[Extracted records]

■ ■ ■ ■ ■ ■ ■

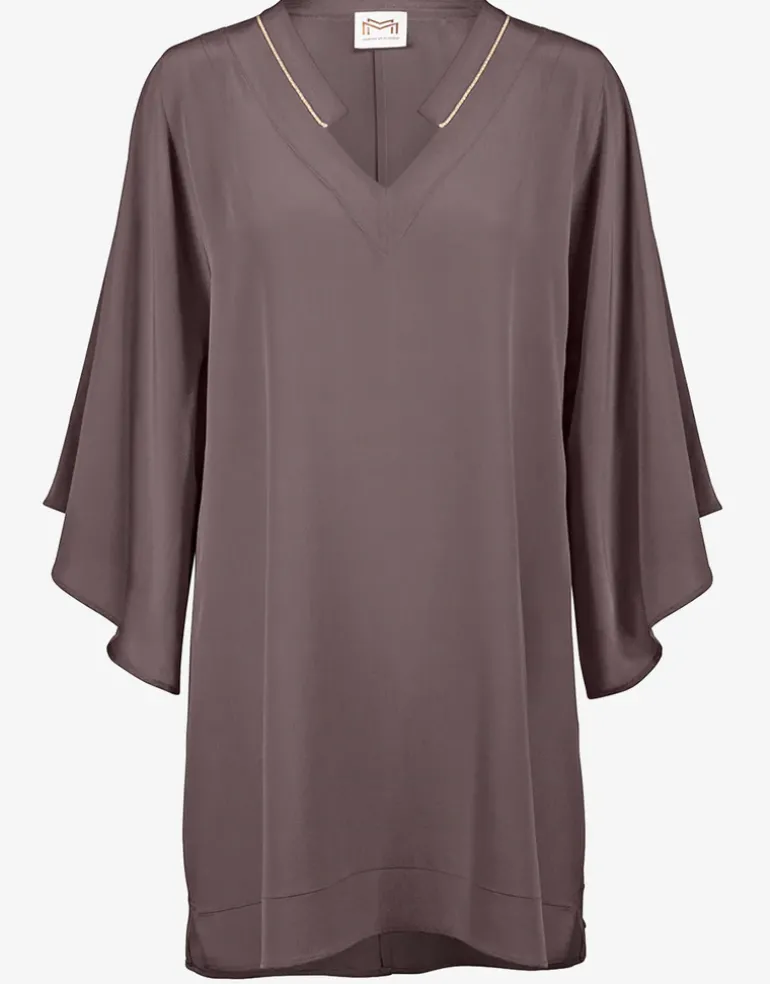 Beautiful soft Dance Tunic from Maryan Mehlhorn in dark taupe Stardust colour with gold metallic beaded collar.
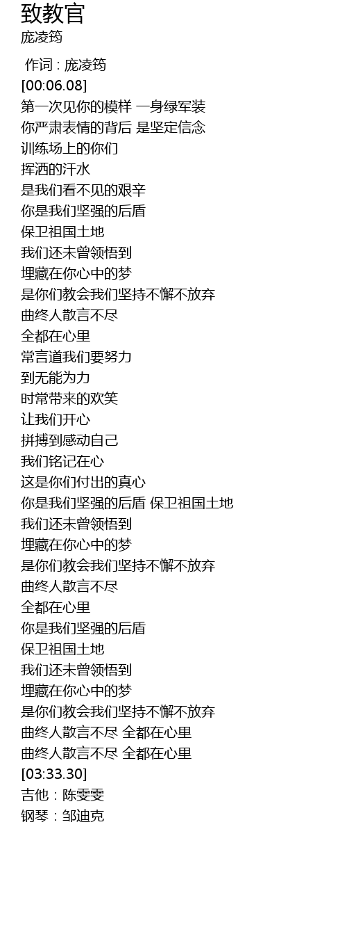 | [02:08.09] | 你是我们坚强的后盾 保卫祖国土地 |
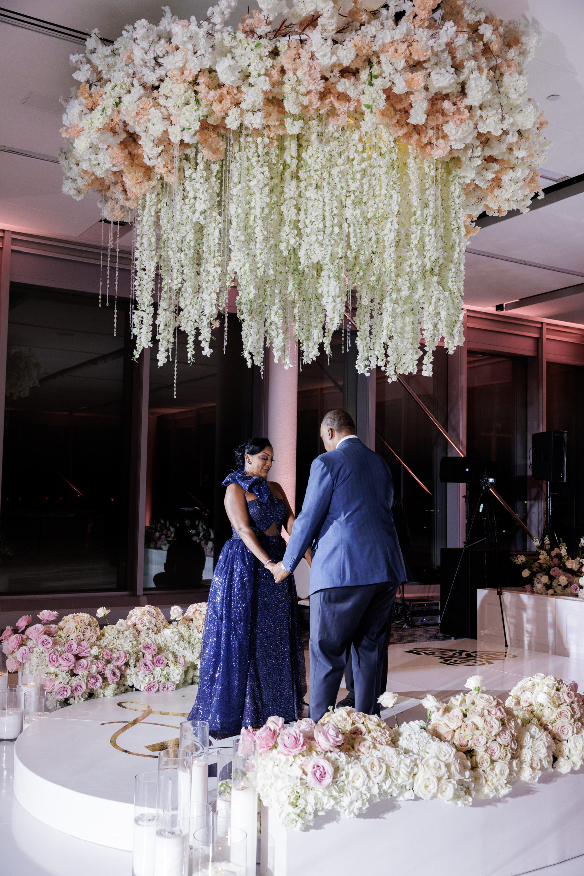 In addition to the floral chandelier and floral-lined bandstand, which served as focal points, elements of decor included mirrored tables and a Champagne wall with a sign that read “Cheers to the Goode Life.” Blush and navy with gold accents decorated the room, which also included a sweeping view of the DC skyline through wall-to-wall windows. See the details from the big day below.
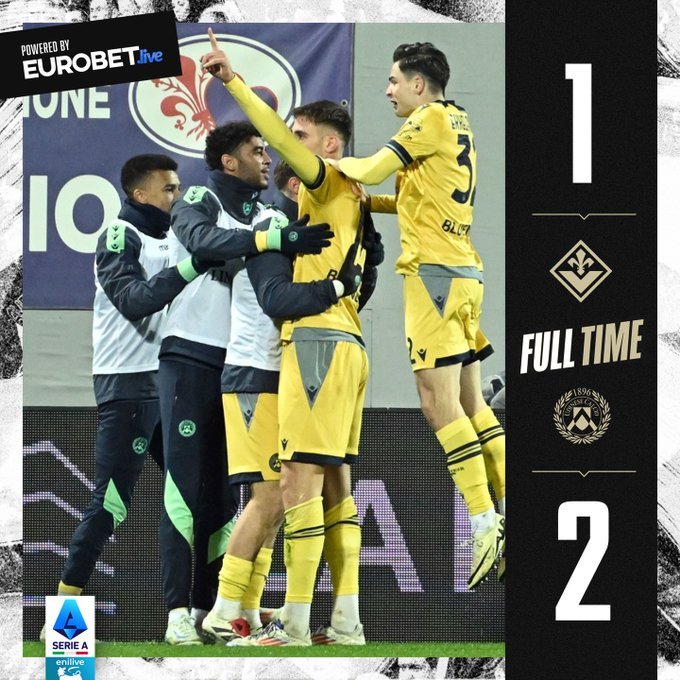 Δεύτερη σερί ήττα για τη Φιορεντίνα, που χάνει σημαντικό έδαφος στη μάχη του τίτλου. Οι «βιόλα» προηγήθηκαν κόντρα στην Ουντινέζε αλλά στο τέλος έχασαν με 2-1 μέσα στην έδρα τους, κάτι που είχε να συμβεί από τις 30 Μαρτίου!
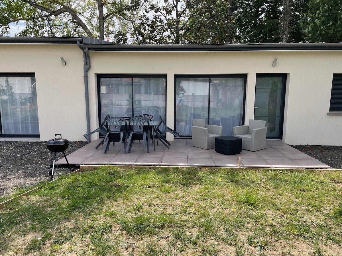 Notre gîte est séparée de notre demeure par un joli jardin paysagé . Entièrement refait à neuf , nous avons eu à cœur de le meubler avec goût et faisons en sorte que nos hôtes se sentent comme chez eux et ne manquent de rien durant leur séjour . Les amateurs de vélo pourront arriver chez nous via la voie verte qui passe derrière la maison et garer leurs vélos chez nous à l'abri .
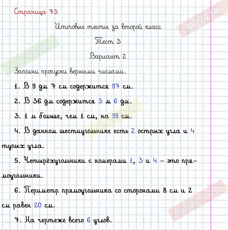Подробные ответы к заданиям, расположенным на 73 странице проверочных работ по математике автора С.И. Волкова для учащихся 2 класса. Итоговый тест за второй класс. Тест 3, вариант 2.
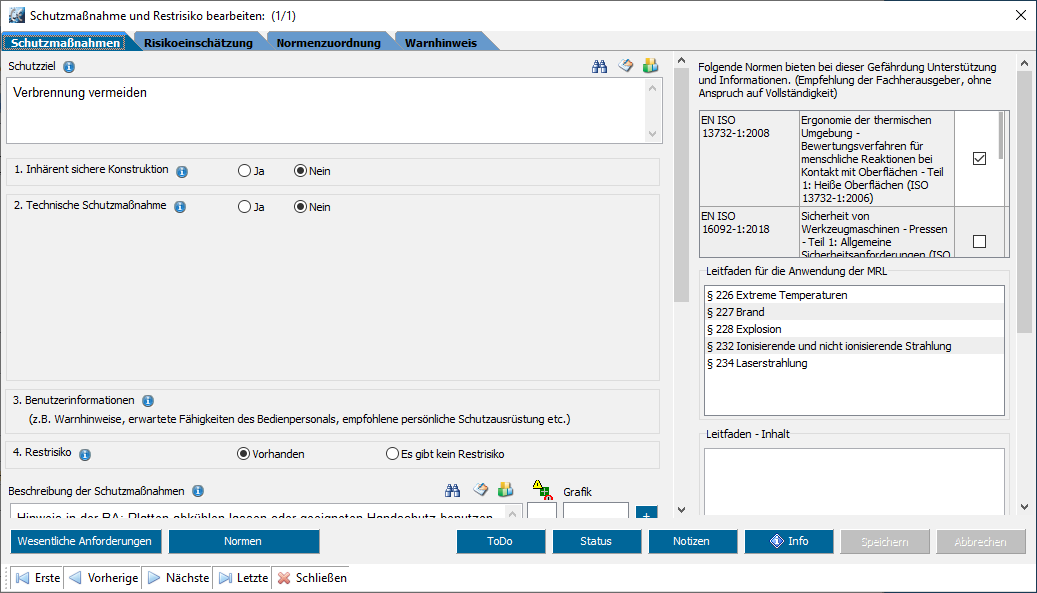 Register Risikobeurteilung > Schutzmaßnahmen.
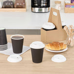 Complete the look of your coffees or teas by covering them with our classic, white coffee cup lids. They perfectly complement any coffee cup design!
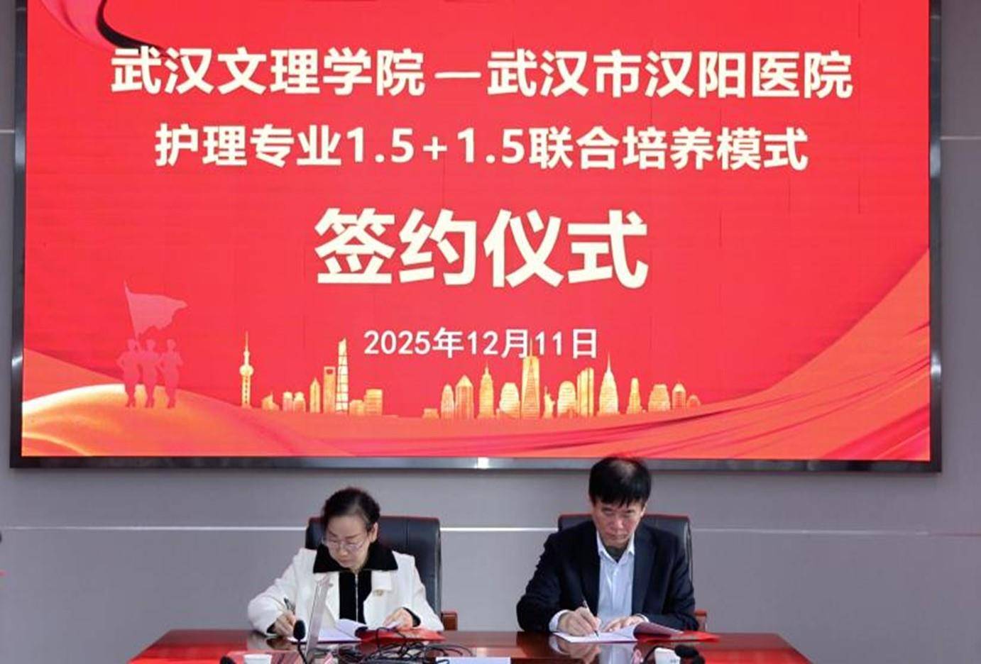武汉文理学院与汉阳医院签署护理专业1.5+1.5联合培养协议,杨灼芳、姜琼代表双方签约。
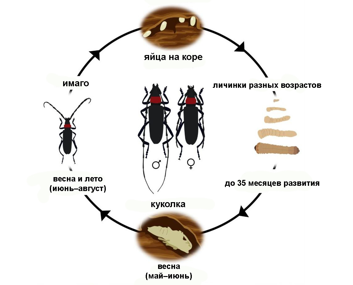 Жизненный цикл красношейного усача. У мускусного усача он похожий. Рисунок из статьи K. J. Horrocks et al., 2024. Biology, impact, management and potential distribution of Aromia bungii, a major threat to fruit crops around the world
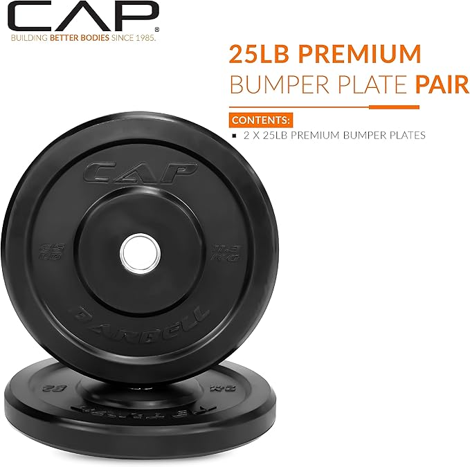 - WHAT’S INCLUDED – TWO 25-pound Better bumper weight plates in black; Designed to accommodate Olympic barbells (with 2-inch center hole)
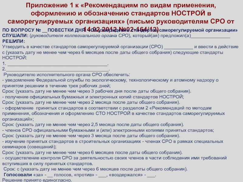 Рассмотрение стандарта (Р) на общих собраниях СРО
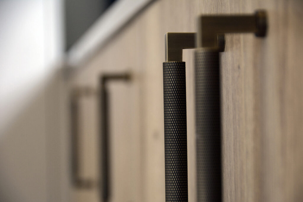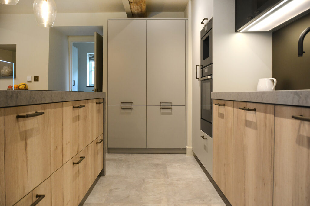 When it comes to kitchen design, the contemporary farmhouse kitchen is a trend that is here to stay. Mixing traditional elements with modern touches, this style creates a sense of charm and sophistication that is both timeless and on-trend. The seamless blending of past and present makes for a space that is not only beautiful but also functional and inviting. One of the key features of a contemporary farmhouse kitchen is its ability to effortlessly combine different materials and textures. In this project, a vintage oak finish was paired with silk grey accents to create a warm and inviting atmosphere. The addition of a satin bronze matt mirrored splashback added a touch of glamour, while the luxurious Symphony Grey Quartzstone worktop added a sleek and modern touch.
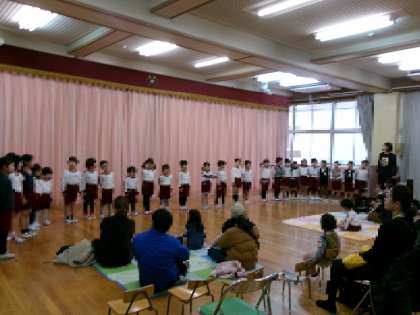 前半は保育室で遊び、後半はプレイルームで生活発表会で披露した4歳児の劇遊び、楽器あそび、歌、4.5歳児合同での歌を披露しました。

■ ■ ■ ■ ■ ■ ■

- Task requirements
Please reproduce the entries above exactly, omitting every picture.

- Answer to this task
 Beautiful soft Dance Tunic from Maryan Mehlhorn in dark taupe Stardust colour with gold metallic beaded collar.
 | [02:08.09] | 你是我们坚强的后盾 保卫祖国土地 |
 In addition to the floral chandelier and floral-lined bandstand, which served as focal points, elements of decor included mirrored tables and a Champagne wall with a sign that read “Cheers to the Goode Life.” Blush and navy with gold accents decorated the room, which also included a sweeping view of the DC skyline through wall-to-wall windows. See the details from the big day below.
 Δεύτερη σερί ήττα για τη Φιορεντίνα, που χάνει σημαντικό έδαφος στη μάχη του τίτλου. Οι «βιόλα» προηγήθηκαν κόντρα στην Ουντινέζε αλλά στο τέλος έχασαν με 2-1 μέσα στην έδρα τους, κάτι που είχε να συμβεί από τις 30 Μαρτίου!
 Notre gîte est séparée de notre demeure par un joli jardin paysagé . Entièrement refait à neuf , nous avons eu à cœur de le meubler avec goût et faisons en sorte que nos hôtes se sentent comme chez eux et ne manquent de rien durant leur séjour . Les amateurs de vélo pourront arriver chez nous via la voie verte qui passe derrière la maison et garer leurs vélos chez nous à l'abri .
Подробные ответы к заданиям, расположенным на 73 странице проверочных работ по математике автора С.И. Волкова для учащихся 2 класса. Итоговый тест за второй класс. Тест 3, вариант 2.
 Register Risikobeurteilung > Schutzmaßnahmen.
 Complete the look of your coffees or teas by covering them with our classic, white coffee cup lids. They perfectly complement any coffee cup design!
武汉文理学院与汉阳医院签署护理专业1.5+1.5联合培养协议,杨灼芳、姜琼代表双方签约。
 Жизненный цикл красношейного усача. У мускусного усача он похожий. Рисунок из статьи K. J. Horrocks et al., 2024. Biology, impact, management and potential distribution of Aromia bungii, a major threat to fruit crops around the world
 - WHAT’S INCLUDED – TWO 25-pound Better bumper weight plates in black; Designed to accommodate Olympic barbells (with 2-inch center hole)
 Рассмотрение стандарта (Р) на общих собраниях СРО
 When it comes to kitchen design, the contemporary farmhouse kitchen is a trend that is here to stay. Mixing traditional elements with modern touches, this style creates a sense of charm and sophistication that is both timeless and on-trend. The seamless blending of past and present makes for a space that is not only beautiful but also functional and inviting. One of the key features of a contemporary farmhouse kitchen is its ability to effortlessly combine different materials and textures. In this project, a vintage oak finish was paired with silk grey accents to create a warm and inviting atmosphere. The addition of a satin bronze matt mirrored splashback added a touch of glamour, while the luxurious Symphony Grey Quartzstone worktop added a sleek and modern touch.
 前半は保育室で遊び、後半はプレイルームで生活発表会で披露した4歳児の劇遊び、楽器あそび、歌、4.5歳児合同での歌を披露しました。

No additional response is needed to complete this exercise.